### WHAT YOU ARE ASKED TO DO
A copy of the listing below is needed, exact in every line and without images.

### DATA SECTION

......

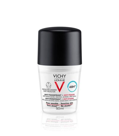 VICHY HOMME Déodorant Anti-Traces 48h ne laisse aucune trace sur vos vêtements ni sur votre peau, vous assurant ainsi un confort optimal et une fraîcheur durable.
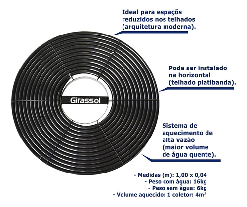 O Coletor solar Girassol G1 possui um exclusivo modelo estrutural. É fabricado na forma espiral/circular, com tubos de fabricação própria de polímero especial com proteção contra raios UV. O suporte de fixação foi desenvolvido através de projeto da Girassol, em aço carbono e pintura eletrostática, fechado com grampos especiais.
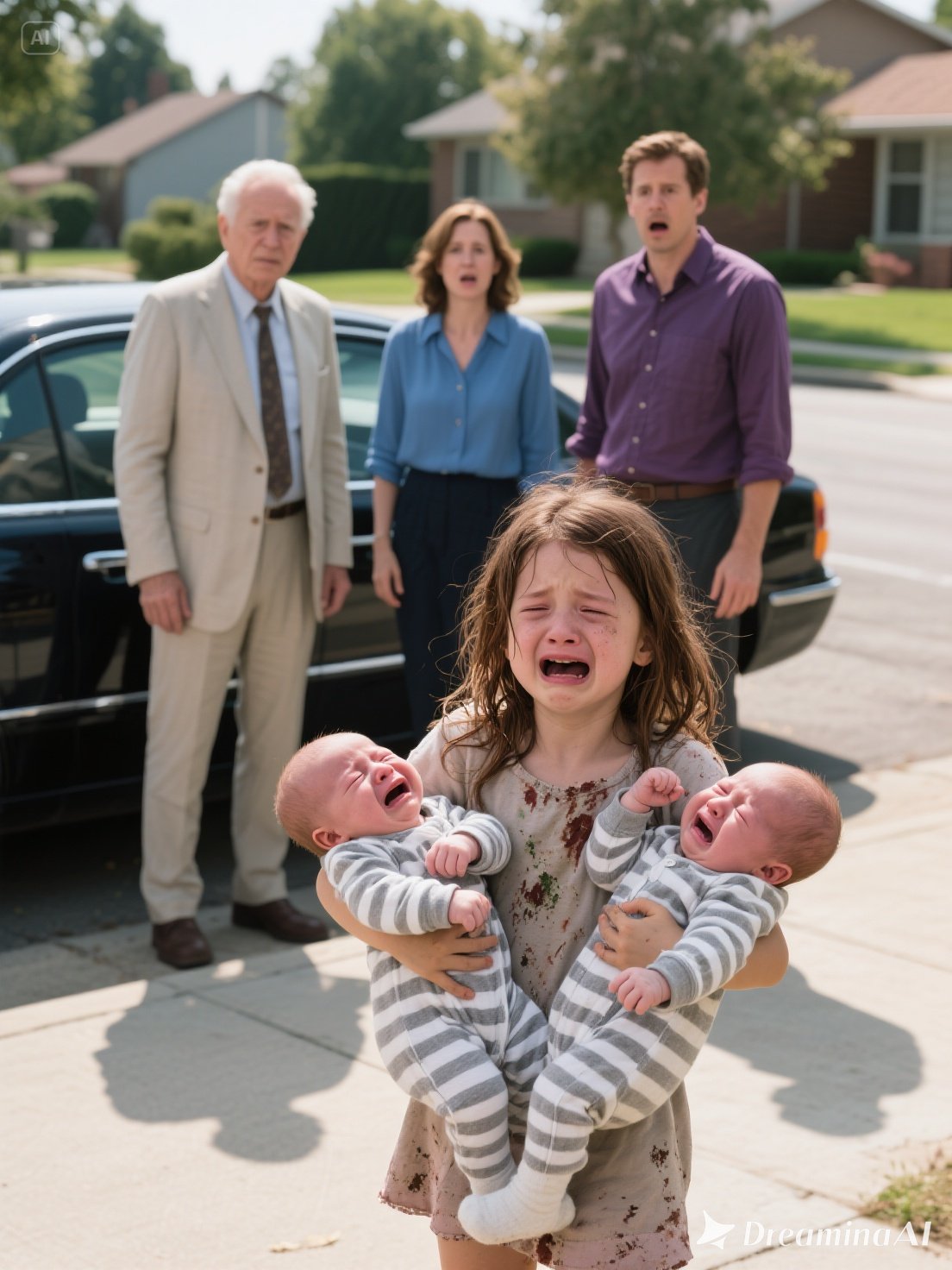 The little girl hugged them tightly, her bare feet trembling on the pavement. Suddenly, a luxury car pulled up. A man stepped out and, with a single sentence, changed the fate of the three children forever.

......

### THE COMPLETED TASK
 VICHY HOMME Déodorant Anti-Traces 48h ne laisse aucune trace sur vos vêtements ni sur votre peau, vous assurant ainsi un confort optimal et une fraîcheur durable.
 O Coletor solar Girassol G1 possui um exclusivo modelo estrutural. É fabricado na forma espiral/circular, com tubos de fabricação própria de polímero especial com proteção contra raios UV. O suporte de fixação foi desenvolvido através de projeto da Girassol, em aço carbono e pintura eletrostática, fechado com grampos especiais.
 The little girl hugged them tightly, her bare feet trembling on the pavement. Suddenly, a luxury car pulled up. A man stepped out and, with a single sentence, changed the fate of the three children forever.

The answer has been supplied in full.